**Supplied information:**
****************************************

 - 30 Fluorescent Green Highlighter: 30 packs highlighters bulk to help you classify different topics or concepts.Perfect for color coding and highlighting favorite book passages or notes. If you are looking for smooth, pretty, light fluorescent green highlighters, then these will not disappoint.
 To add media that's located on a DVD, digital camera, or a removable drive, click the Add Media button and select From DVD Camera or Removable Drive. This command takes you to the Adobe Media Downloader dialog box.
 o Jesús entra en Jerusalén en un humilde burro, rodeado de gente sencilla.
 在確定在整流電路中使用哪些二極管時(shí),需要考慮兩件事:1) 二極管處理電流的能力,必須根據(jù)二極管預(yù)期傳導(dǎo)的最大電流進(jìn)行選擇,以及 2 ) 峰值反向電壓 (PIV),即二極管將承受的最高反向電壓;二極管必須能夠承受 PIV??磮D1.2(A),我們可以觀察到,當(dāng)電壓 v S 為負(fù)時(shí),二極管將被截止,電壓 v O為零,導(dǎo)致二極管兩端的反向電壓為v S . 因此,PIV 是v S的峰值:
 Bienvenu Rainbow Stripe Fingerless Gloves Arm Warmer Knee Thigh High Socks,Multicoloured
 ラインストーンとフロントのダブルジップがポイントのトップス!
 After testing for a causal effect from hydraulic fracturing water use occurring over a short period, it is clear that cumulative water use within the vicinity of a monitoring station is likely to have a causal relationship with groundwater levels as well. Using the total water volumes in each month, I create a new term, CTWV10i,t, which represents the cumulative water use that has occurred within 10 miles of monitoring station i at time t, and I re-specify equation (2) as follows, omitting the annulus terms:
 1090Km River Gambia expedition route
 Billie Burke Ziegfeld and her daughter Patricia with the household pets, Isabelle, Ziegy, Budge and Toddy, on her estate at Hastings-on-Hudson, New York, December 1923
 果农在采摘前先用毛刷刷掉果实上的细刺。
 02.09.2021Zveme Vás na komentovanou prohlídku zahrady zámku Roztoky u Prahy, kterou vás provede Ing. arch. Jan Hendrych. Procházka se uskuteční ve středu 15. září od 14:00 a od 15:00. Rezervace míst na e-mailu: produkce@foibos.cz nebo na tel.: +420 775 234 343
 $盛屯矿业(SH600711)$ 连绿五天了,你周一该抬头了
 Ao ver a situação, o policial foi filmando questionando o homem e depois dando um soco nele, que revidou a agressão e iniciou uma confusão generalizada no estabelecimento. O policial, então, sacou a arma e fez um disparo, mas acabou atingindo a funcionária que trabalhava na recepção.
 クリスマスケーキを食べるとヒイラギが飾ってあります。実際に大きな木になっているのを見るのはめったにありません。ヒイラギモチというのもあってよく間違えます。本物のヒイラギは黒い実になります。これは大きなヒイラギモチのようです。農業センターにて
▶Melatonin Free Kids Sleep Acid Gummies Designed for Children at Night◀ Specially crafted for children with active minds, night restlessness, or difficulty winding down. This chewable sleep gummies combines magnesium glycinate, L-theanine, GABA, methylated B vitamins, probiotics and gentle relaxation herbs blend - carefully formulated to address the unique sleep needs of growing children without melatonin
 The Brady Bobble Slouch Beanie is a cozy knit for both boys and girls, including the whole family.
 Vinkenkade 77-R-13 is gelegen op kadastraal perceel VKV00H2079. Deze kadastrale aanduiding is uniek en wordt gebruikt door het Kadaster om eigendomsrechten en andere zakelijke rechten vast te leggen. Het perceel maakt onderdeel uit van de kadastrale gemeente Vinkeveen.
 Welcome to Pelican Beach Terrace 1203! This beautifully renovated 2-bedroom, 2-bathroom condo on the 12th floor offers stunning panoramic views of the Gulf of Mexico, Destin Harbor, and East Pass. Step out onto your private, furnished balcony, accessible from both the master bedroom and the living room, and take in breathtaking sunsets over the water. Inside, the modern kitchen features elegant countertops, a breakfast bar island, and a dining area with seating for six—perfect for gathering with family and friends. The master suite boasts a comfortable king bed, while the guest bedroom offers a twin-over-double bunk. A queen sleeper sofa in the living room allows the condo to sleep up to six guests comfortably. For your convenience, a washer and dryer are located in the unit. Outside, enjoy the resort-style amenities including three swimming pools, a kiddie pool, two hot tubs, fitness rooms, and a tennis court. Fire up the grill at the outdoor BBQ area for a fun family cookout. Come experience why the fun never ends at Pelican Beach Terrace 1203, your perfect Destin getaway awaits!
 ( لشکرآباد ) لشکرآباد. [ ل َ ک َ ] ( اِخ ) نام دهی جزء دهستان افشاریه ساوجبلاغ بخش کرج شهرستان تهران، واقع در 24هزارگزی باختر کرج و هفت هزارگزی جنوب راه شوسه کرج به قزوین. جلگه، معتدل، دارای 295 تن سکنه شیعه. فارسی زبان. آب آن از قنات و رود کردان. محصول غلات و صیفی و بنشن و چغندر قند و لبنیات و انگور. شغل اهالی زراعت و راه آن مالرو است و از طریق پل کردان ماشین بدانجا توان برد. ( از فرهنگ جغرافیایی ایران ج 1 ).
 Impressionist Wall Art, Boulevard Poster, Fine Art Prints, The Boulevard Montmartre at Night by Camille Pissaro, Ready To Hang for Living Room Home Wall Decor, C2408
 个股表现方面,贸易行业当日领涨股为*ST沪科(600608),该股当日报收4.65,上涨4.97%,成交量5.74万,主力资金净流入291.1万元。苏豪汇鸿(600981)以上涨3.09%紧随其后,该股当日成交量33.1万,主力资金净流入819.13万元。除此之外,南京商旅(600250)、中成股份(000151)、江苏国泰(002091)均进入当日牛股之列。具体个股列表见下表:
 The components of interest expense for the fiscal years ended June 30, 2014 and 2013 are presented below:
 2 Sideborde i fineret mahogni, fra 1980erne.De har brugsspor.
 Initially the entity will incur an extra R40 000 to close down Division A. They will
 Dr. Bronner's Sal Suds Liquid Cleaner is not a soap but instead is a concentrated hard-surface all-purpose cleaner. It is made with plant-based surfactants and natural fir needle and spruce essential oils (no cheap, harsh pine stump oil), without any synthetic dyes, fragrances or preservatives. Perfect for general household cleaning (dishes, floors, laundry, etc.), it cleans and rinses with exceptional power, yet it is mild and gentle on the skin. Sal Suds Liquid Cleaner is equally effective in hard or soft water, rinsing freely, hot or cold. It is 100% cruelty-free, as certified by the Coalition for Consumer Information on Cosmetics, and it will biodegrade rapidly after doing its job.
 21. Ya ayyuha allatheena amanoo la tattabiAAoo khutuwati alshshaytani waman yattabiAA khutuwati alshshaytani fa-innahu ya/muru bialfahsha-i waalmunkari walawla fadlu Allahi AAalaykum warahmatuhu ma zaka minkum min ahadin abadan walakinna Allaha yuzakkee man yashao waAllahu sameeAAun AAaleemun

****************************************

**Brief:**
From the records above, repeat exactly the lines from the one with "二極管處理電流的能力,必須根據(jù)二極管預(yù)期傳導(dǎo)的最大電流進(jìn)行選擇,以及 2 )" through the one with "1090Km River Gambia expedition route", both included.

**Response area:**
 在確定在整流電路中使用哪些二極管時(shí),需要考慮兩件事:1) 二極管處理電流的能力,必須根據(jù)二極管預(yù)期傳導(dǎo)的最大電流進(jìn)行選擇,以及 2 ) 峰值反向電壓 (PIV),即二極管將承受的最高反向電壓;二極管必須能夠承受 PIV??磮D1.2(A),我們可以觀察到,當(dāng)電壓 v S 為負(fù)時(shí),二極管將被截止,電壓 v O為零,導(dǎo)致二極管兩端的反向電壓為v S . 因此,PIV 是v S的峰值:
 Bienvenu Rainbow Stripe Fingerless Gloves Arm Warmer Knee Thigh High Socks,Multicoloured
 ラインストーンとフロントのダブルジップがポイントのトップス!
 After testing for a causal effect from hydraulic fracturing water use occurring over a short period, it is clear that cumulative water use within the vicinity of a monitoring station is likely to have a causal relationship with groundwater levels as well. Using the total water volumes in each month, I create a new term, CTWV10i,t, which represents the cumulative water use that has occurred within 10 miles of monitoring station i at time t, and I re-specify equation (2) as follows, omitting the annulus terms:
 1090Km River Gambia expedition route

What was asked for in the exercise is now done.